Dobson poses three results: 1) Since you have “let them go”, there is no need to fight any more, and your relationship will improve just because you two don’t need to fight. 2) The leaving spouse might consider, now, that maybe there is something in our marriage after all. For the third result, I can’t say it better than Dr. Dobson. Pay attention:
The third change occurs not in the mind of the cool spouse but in the mind of the vulnerable one [that be you – Ray]. Incredibly, he or she feels better — somehow more in control of the situation. There is no greater agony than journeying through a vale of tears, waiting in vain for the phone to ring or for a miracle to occur. Instead, the person has begun to respect himself or herself and to receive small evidences of respect in return. Even though it is difficult to let go once and for all, there are ample rewards for doing so. One of those advantages involves the feeling that he or she has a plan — a program — a definite course of action to follow. That is infinitely more comfortable than experiencing the utter despair of powerlessness that the victim felt before. And little by little, the healing process begins.

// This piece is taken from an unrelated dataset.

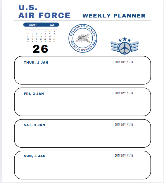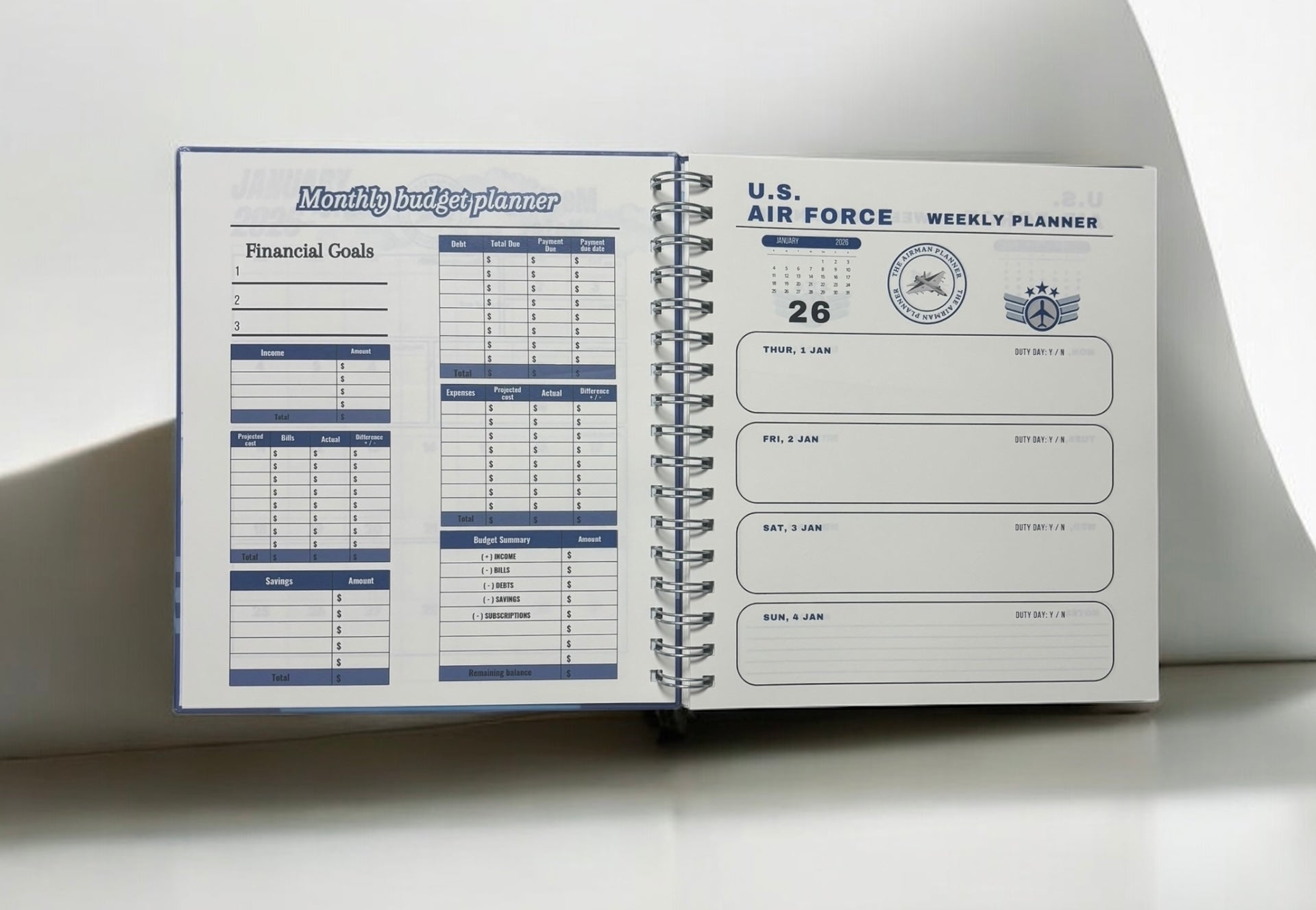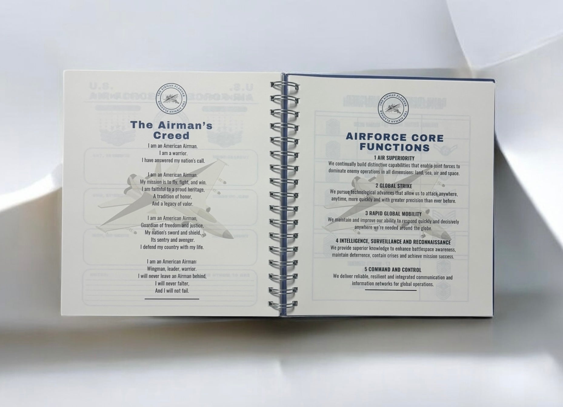 For Airmen who like to plan their week with mission-ready clarity, the Air Force Weekly and Daily Planner delivers. With dedicated space for tasks, trackers, and weekly priorities, it also features military-specific content like rank identifiers, a password log, and chain of command contact pages. Its 8" x 9" build fits perfectly in a bag or desk.

What’s in this for you? You have a plan. In the book you will see how you do gain control. (Not in a control freak way, but in a way that makes it easier for your spouse to rethink things and possibly return.) When you have a good idea of what’s happening, you will definitely feel better about your situation, and get your self respect back.
Guarantees? Remember you’re working without a safety net. But consider your alternatives: Your spouse has already (or nearly) walked out. If nothing changes, it’s just “Good bye” anyway. However, by taking the high road here, you still could remain on good terms with your spouse, which makes vital communication all that much easier.
When my wife moved out, I helped her move! I also told her I did want to find some reconciliation. I did the grunt work, driving the truck, setting up her bed, installing the washer – whatever. What did that accomplish? Later that week, when she had some small emergencies, she called me, of all people! And within the week she volunteered that there may still be some way we could work things out. Your mileage may vary, but I know this small break in her attitude would not have been possible if I had not supported her decision in the way I did. My situation (as of the end of 2006) is not nearly out of the woods. But as Dobson says, I do feel much better about things, and, of course, my wife actually came up with the idea
of seeing if we might be able to work things out!
Be Brave. Be on your knees in prayer. Stick with it. God Bless.